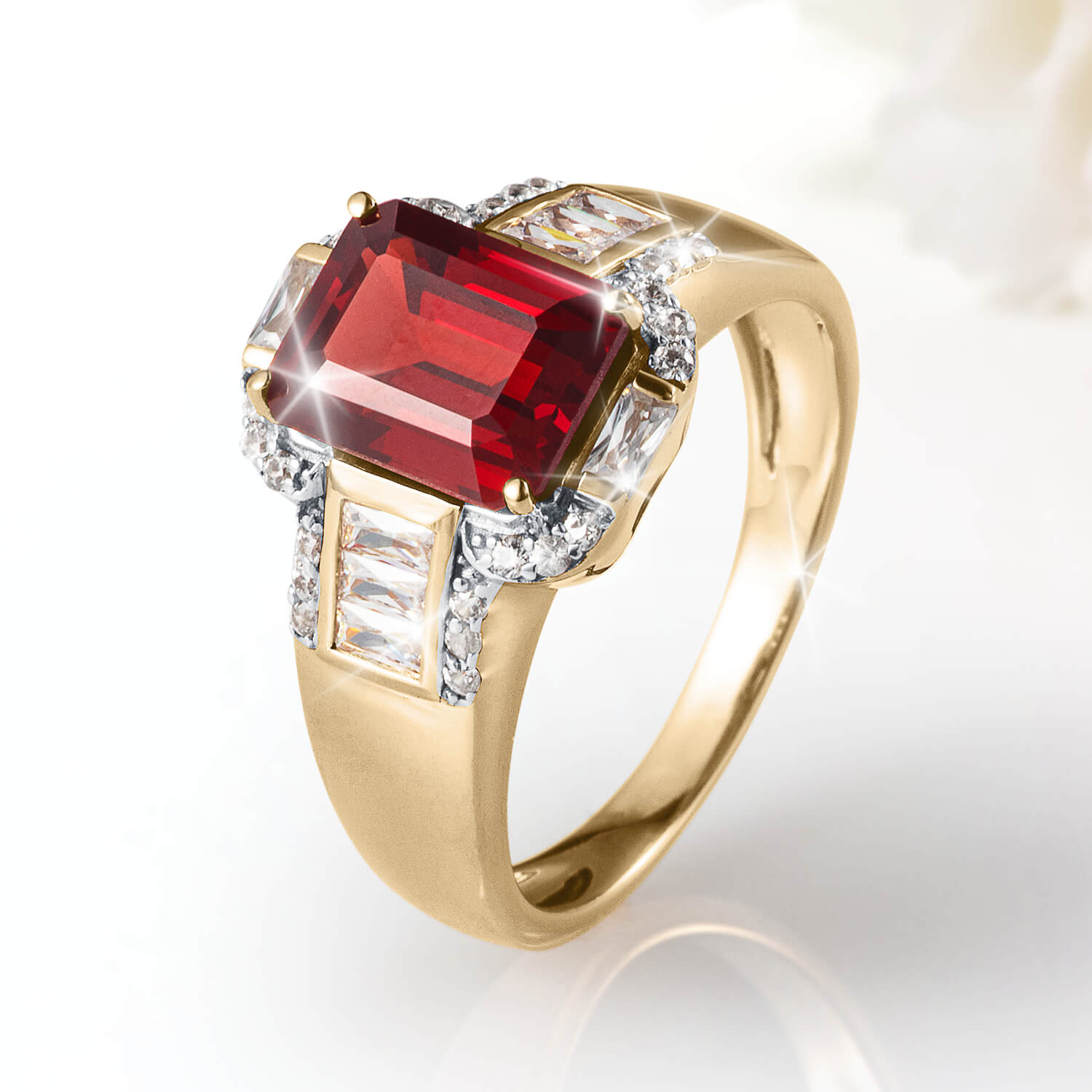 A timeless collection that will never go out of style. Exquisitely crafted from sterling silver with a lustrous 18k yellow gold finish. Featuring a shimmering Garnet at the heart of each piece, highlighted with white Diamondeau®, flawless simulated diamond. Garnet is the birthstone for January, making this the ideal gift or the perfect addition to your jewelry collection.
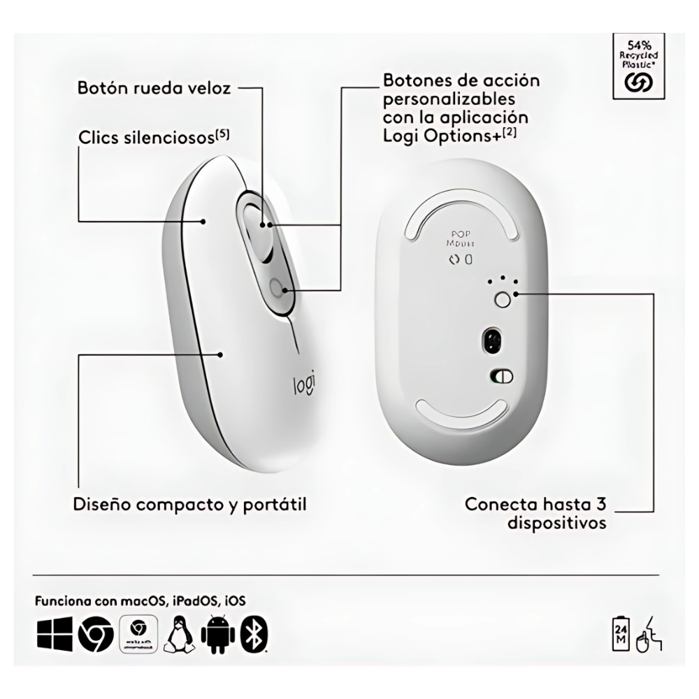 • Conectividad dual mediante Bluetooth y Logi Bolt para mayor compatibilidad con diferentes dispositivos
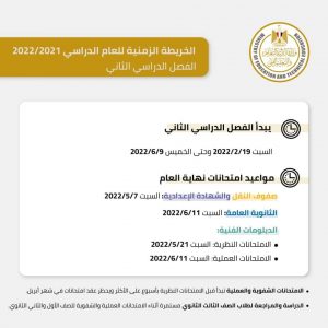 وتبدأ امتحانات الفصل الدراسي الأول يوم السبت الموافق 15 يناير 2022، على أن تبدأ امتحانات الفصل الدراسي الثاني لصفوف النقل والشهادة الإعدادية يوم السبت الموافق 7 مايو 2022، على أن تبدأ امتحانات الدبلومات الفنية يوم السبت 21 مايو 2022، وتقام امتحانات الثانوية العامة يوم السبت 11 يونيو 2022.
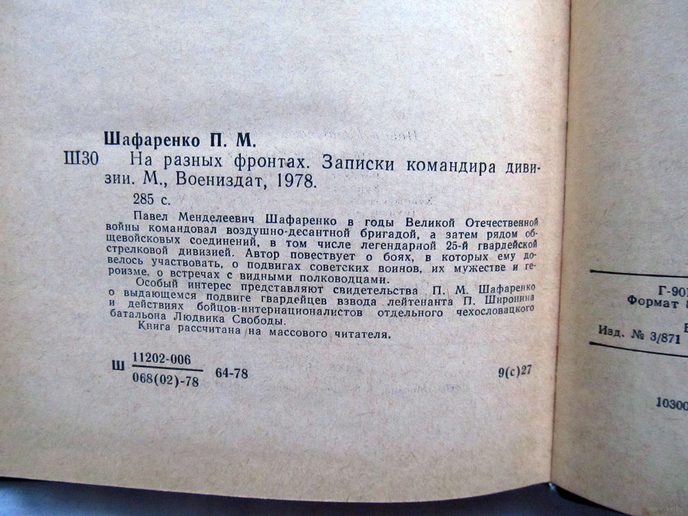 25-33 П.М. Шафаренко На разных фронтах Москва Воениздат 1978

* * * * * * *

= Your goal =
Write out the data above in full and exactly, but without the pictures.

= Response =
 A timeless collection that will never go out of style. Exquisitely crafted from sterling silver with a lustrous 18k yellow gold finish. Featuring a shimmering Garnet at the heart of each piece, highlighted with white Diamondeau®, flawless simulated diamond. Garnet is the birthstone for January, making this the ideal gift or the perfect addition to your jewelry collection.
 • Conectividad dual mediante Bluetooth y Logi Bolt para mayor compatibilidad con diferentes dispositivos
 وتبدأ امتحانات الفصل الدراسي الأول يوم السبت الموافق 15 يناير 2022، على أن تبدأ امتحانات الفصل الدراسي الثاني لصفوف النقل والشهادة الإعدادية يوم السبت الموافق 7 مايو 2022، على أن تبدأ امتحانات الدبلومات الفنية يوم السبت 21 مايو 2022، وتقام امتحانات الثانوية العامة يوم السبت 11 يونيو 2022.
 25-33 П.М. Шафаренко На разных фронтах Москва Воениздат 1978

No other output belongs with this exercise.